[The input Boundary: Start]

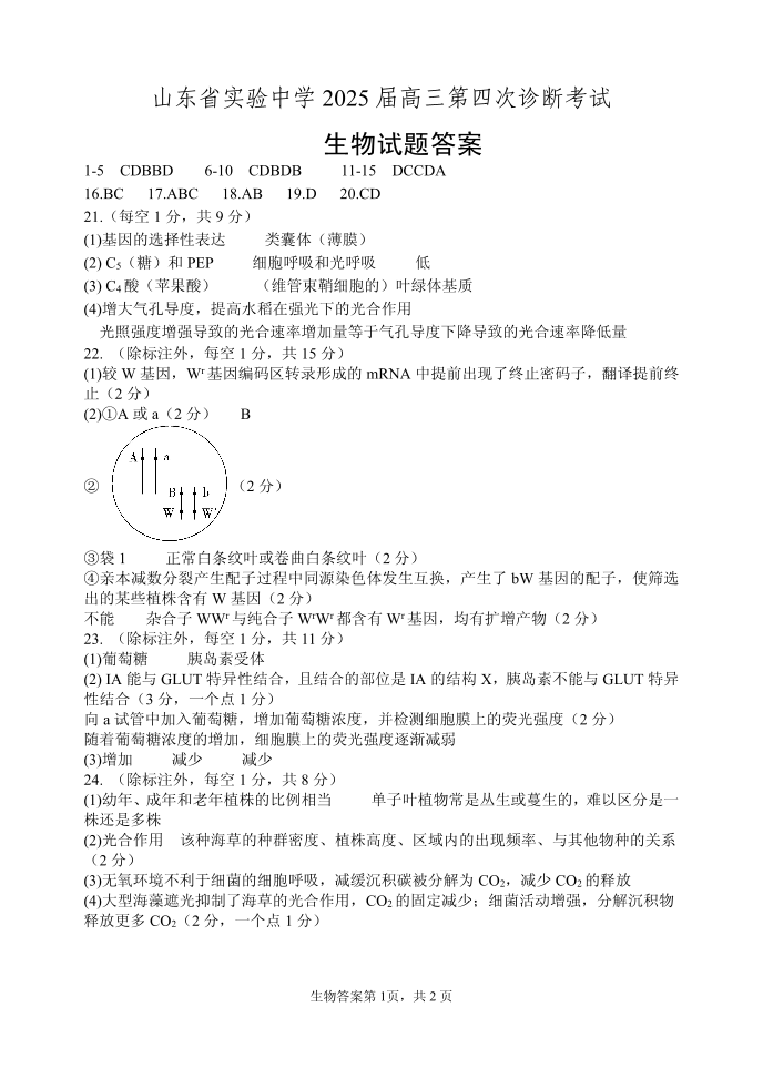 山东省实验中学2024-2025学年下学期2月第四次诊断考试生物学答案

[The input Boundary: End]
[The input Boundary: Start]

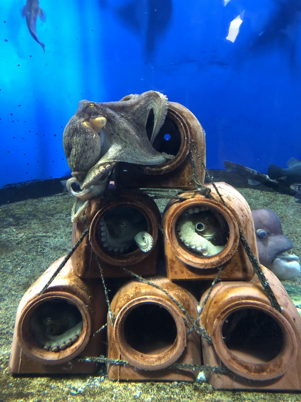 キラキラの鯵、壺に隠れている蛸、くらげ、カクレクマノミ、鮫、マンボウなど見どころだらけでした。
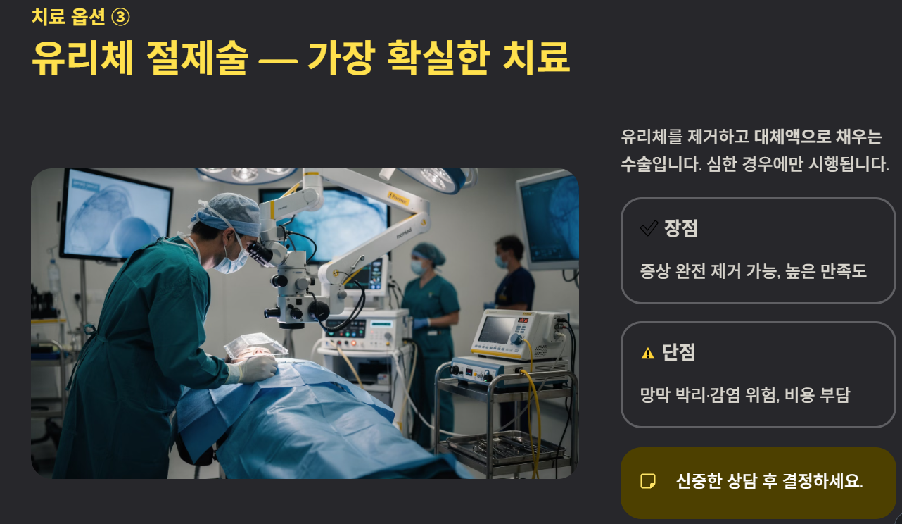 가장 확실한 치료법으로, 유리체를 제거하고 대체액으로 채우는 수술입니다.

[The input Boundary: End]
[The input Boundary: Start]

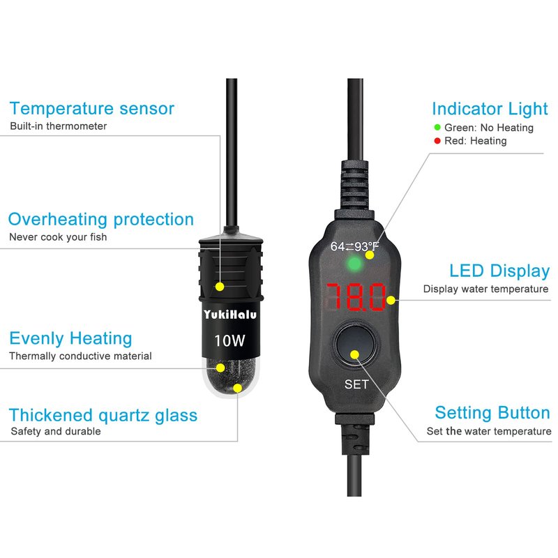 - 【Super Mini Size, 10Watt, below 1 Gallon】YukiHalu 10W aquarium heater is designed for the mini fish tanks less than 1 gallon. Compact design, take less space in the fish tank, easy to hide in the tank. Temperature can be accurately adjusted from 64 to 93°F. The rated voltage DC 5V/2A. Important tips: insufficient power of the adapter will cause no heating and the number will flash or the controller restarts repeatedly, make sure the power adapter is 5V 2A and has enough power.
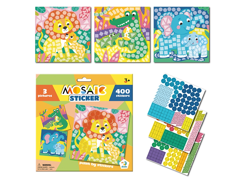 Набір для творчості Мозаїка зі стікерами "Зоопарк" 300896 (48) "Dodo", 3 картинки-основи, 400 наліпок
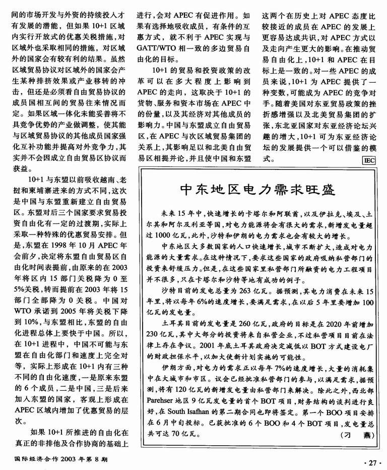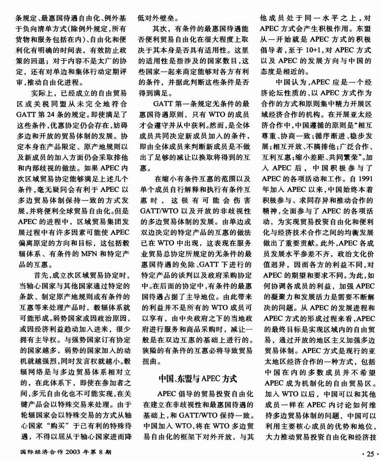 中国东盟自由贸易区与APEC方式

[The input Boundary: End]

Task details ▸ Within the listing above, extract exactly the lines that run from the one containing "Набір для творчості" through the one containing "中国东盟自由贸易区与APEC方式", excluding any pictures.

Output below ▸
 Набір для творчості Мозаїка зі стікерами "Зоопарк" 300896 (48) "Dodo", 3 картинки-основи, 400 наліпок
 中国东盟自由贸易区与APEC方式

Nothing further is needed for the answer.